We follow a stream of warm, milky blue water as it cascades down garish red and orange rock ledges into vine-covered pools below. The whole sight is otherworldly. It’s hard to believe that such unnatural colors are the product of one of the earth’s most natural processes – plate tectonics.

Hiking uphill again, we pass through a smaller, similarly desolate and smoky valley towards the cloud-covered peak ahead. The path gets slightly confusing but we can see the end in sight, so we press on knowing we are headed in the right direction.

As we crest the final peak and enter the hot, sulfuric cloud I hear a slight rumbling below. Carefully, I walk to the ledge and peer down. Through the clouds I can make out pale, sky blue water violently bubbling below. We have made it to the famed Boiling Lake… and it’s boiling!

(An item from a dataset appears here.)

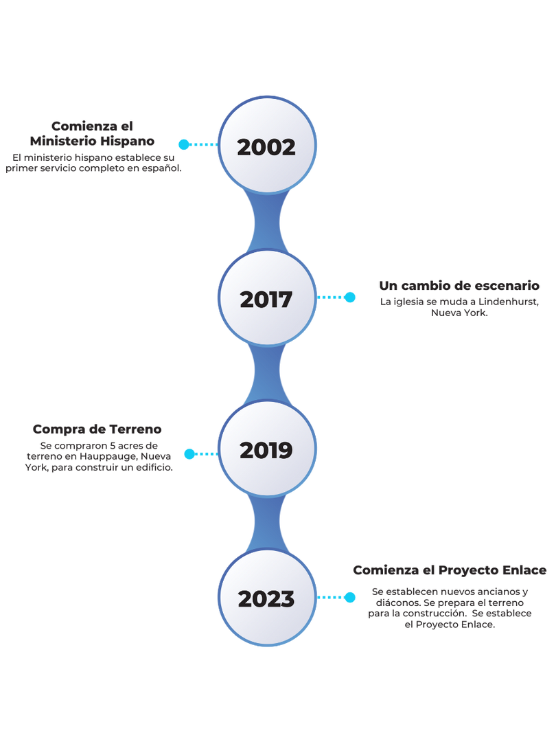 El objetivo principal del Proyecto Enlace es llegar a más personas para que puedan conocer el amor de Dios. Para lograr este objetivo, recaudaremos fondos para construir un nuevo edificio en Hauppauge.

As recently as 2005, bewildered adventurers have encountered an almost bone dry, tepid puddle after three hours of arduous hiking. In fact, there is an archive photo of two visitors standing in the center of the dry Boiling Lake in 1887 and in 1900 an English visitor and one of his two guides lost their lives upon encountering the barren lake when a thick sulfurous gas was emitted from the empty crater.

Looking the Beast in the Eye

Looking the Beast in the Eye

Alas, in October of 2009, the lake is as active as ever, covering Wendal and I in its thick steam and daring us to get too close. We cautiously hike down the cliff ledge to the lake’s edge to look the beast in the eye. Lost in the haze we take time to absorb the raw power of this awing spot on this volcanic island of wonder.

On the way back, which is relentlessly uphill at the start, Wendal begins to tire. When I jokingly harass him about his fatigue, he assures me he is going to start exercising regularly and tells me I should have warned him that I was an avid hiker. To prove his strength he offers, “let’s sprint the whole way back once we get to the peak, get some good exercise.” While I would not recommend this, I go along with the plan to appease him and we jog the mostly downhill trek from Morne Nichols to Breakfast River.

We slow our pace for the last leg from Breakfast River back to Ti Tou Gorge, mostly because my left shoe is barely hanging on after the beating it has taken. When I hear the rushing water below, I know we have successfully completed the hike. Tearing off my clothes, I jump into the cold pool that serves as an entrance to the gorge. Swimming in the crystal clear water through the dark, narrow passageway between the high cliffs that I just traversed, I make it to the rushing waterfall at the end. Sitting on a rock by the fall, endorphins in full force, I am elated. I have hiked through the rainforest, crossed a river, climbed over a volcanic peak, received a mud mask by a black stream, took a steam bath by a boiling lake, swam through a gorge, and relaxed by a waterfall. There are not many places on Earth where you can witness and experience so many things in one walking day. This is the unmatched beauty of Dominica.

“Mystic” can be described as inspiring a sense of mystery and wonder, or having an import not apparent to the senses, nor obvious to the intelligence. It is beyond ordinary. In that sense I did not have one, but many mystic views. It was a mystic day of beauty that defies description, intrigue that baffles the best of scientists, and unending enchantment. Dominica’s Morne Trois Pitons National Park is truly a special slice of heaven.

The next afternoon, I go back up the trail at the top of the village of Trafalger to thank Lambert for making this incredible adventure possible. He is not there. I stand in his fragrant hilltop garden gazing back across the valley to catch one last glimpse of the cloud-covered peak whose mystery is only slightly more apparent to me now.

“Mystic View.” The words pour out of my mouth and I linger there with a knowing smile as the sun sets on another day.